Potenzielle Risiken und Probleme beim Konsignationslager auf Amazon
- Verwechslung von Konsignationslager (call-off stock) und Kommissionslager (consignment stock) – Obwohl sehr ähnlich, gibt es einen wesentlichen Unterschied. Konsignationslager bedeutet, dass die Waren in einem Lager eines Dritten in einem anderen Mitgliedstaat gelagert werden, während sich Kommissionslager auf die Situation bezieht, in der der Verkäufer Waren zur Lagerung in ein Lager sendet, das ihm in einem anderen Mitgliedstaat gehört. Darüber hinaus ermöglicht das Kommissionslager Verkäufern nicht, die Mehrwertsteuerregistrierung im Bestimmungsland zu vermeiden.
- Mehrwertsteuer-Compliance – Verkäufer müssen sich in den Ländern, in denen die Waren gelagert werden, nicht für die Mehrwertsteuer registrieren. Dies bedeutet jedoch nicht, dass Verkäufer anderen mehrwertsteuerbezogenen rechtlichen Anforderungen keine besondere Aufmerksamkeit schenken müssen, wie z. B. Schwellenwerten, Aufzeichnungspflichten und potenziellen steuerlichen Auswirkungen grenzüberschreitender Verkäufe.
- Andere administrative Anforderungen – Wie bereits erwähnt, müssen Verkäufer auch die Zusammenfassende Meldung (EC Sales List) erfassen und einreichen und sich über Intrastat-Pflichten im Klaren sein.
Die Nichteinhaltung erforderlicher Erfassungs-, Aufzeichnungs- oder Meldepflichten kann zu Anklagen und Rechtsstreitigkeiten mit den Steuerbehörden führen, was wiederum dazu führt, dass Verkäufer finanziell sanktioniert werden.
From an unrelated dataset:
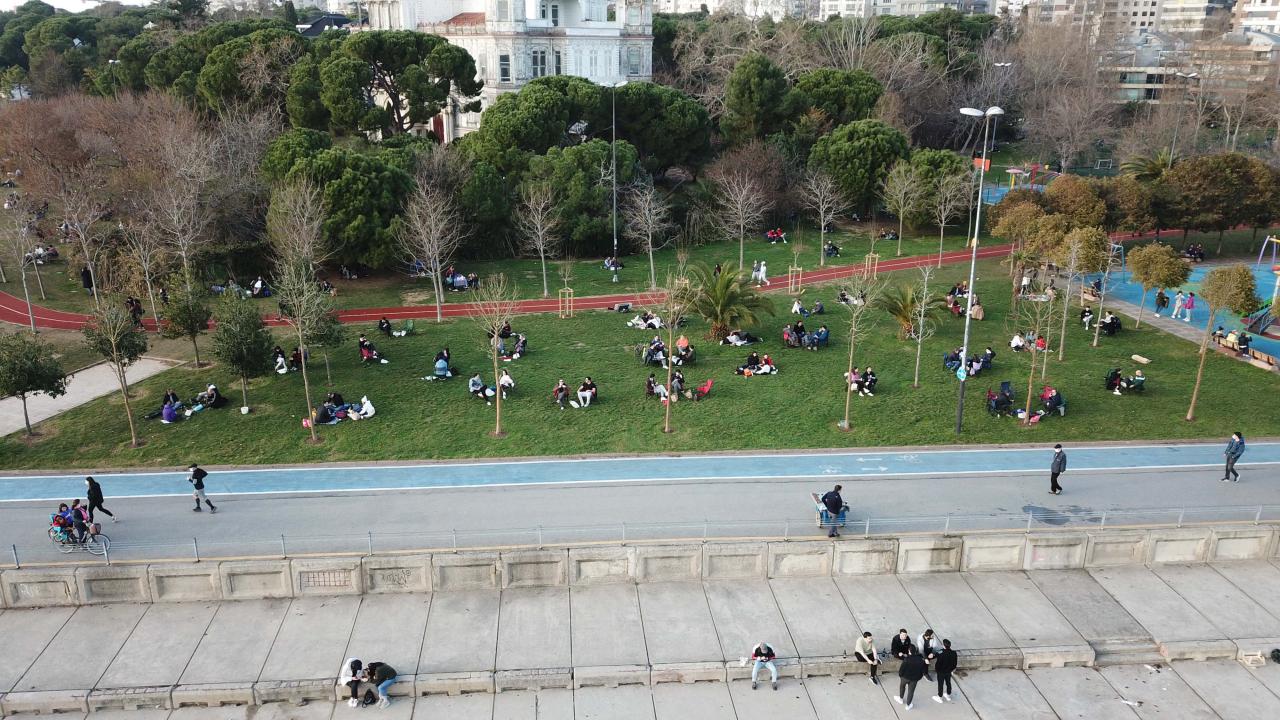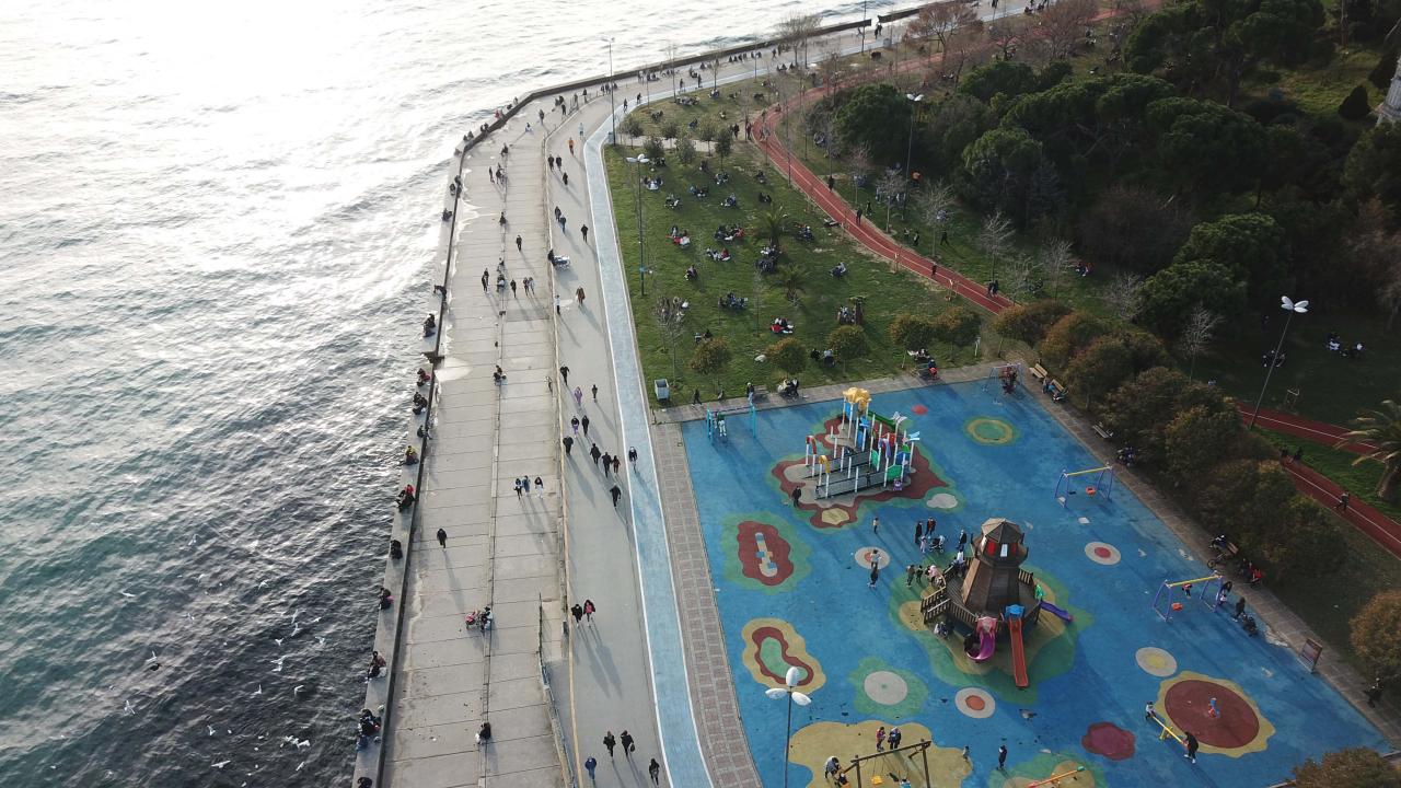 Caddebostan Sahili'ndeki kalabalık havadan gözlendi

Mehrwertsteuerstrategien für das Amazon-Konsignationslager
Um die oben genannten Risiken zu reduzieren und Probleme im Hinblick auf die Mehrwertsteuer-Compliance zu vermeiden, sollten Amazon-Verkäufer:
- den Einsatz von auf ihre Bedürfnisse zugeschnittenen Tools und Softwarelösungen in Betracht ziehen, die Mehrwertsteuerberechnungen automatisieren, Bestandsbewegungen verfolgen und MwSt.-konforme Berichte erstellen und so den Verwaltungsaufwand reduzieren;
- die Mehrwertsteuer-Schwellenwerte in den verschiedenen Ländern überwachen, in die Waren versandt werden;
- über Änderungen der Mehrwertsteuervorschriften informiert bleiben;
- professionelle Beratung in Anspruch nehmen, um die Einhaltung der Mehrwertsteuervorschriften bei der Nutzung des Konsignationslagers für Amazon FBA sicherzustellen.
Fazit
Das Amazon-Konsignationslager-Programm ermöglicht Verkäufern, ihren Bestand auf die Versandzentren von Amazon zu verteilen, wodurch die Lieferzeit verkürzt und die Kundenzufriedenheit erhöht wird, ohne sich in jedem Land, in dem sich ihre Kunden befinden und Waren gelagert werden, für die Mehrwertsteuer registrieren zu müssen. Es vereinfacht die Bestandsverwaltung und senkt die Lagerkosten.
Andererseits sollten Verkäufer die Anforderungen an die Mehrwertsteuer-Compliance einhalten und Tools und Softwarelösungen nutzen, um Mehrwertsteuerberechnungen, Erfassung und Einreichung zu automatisieren.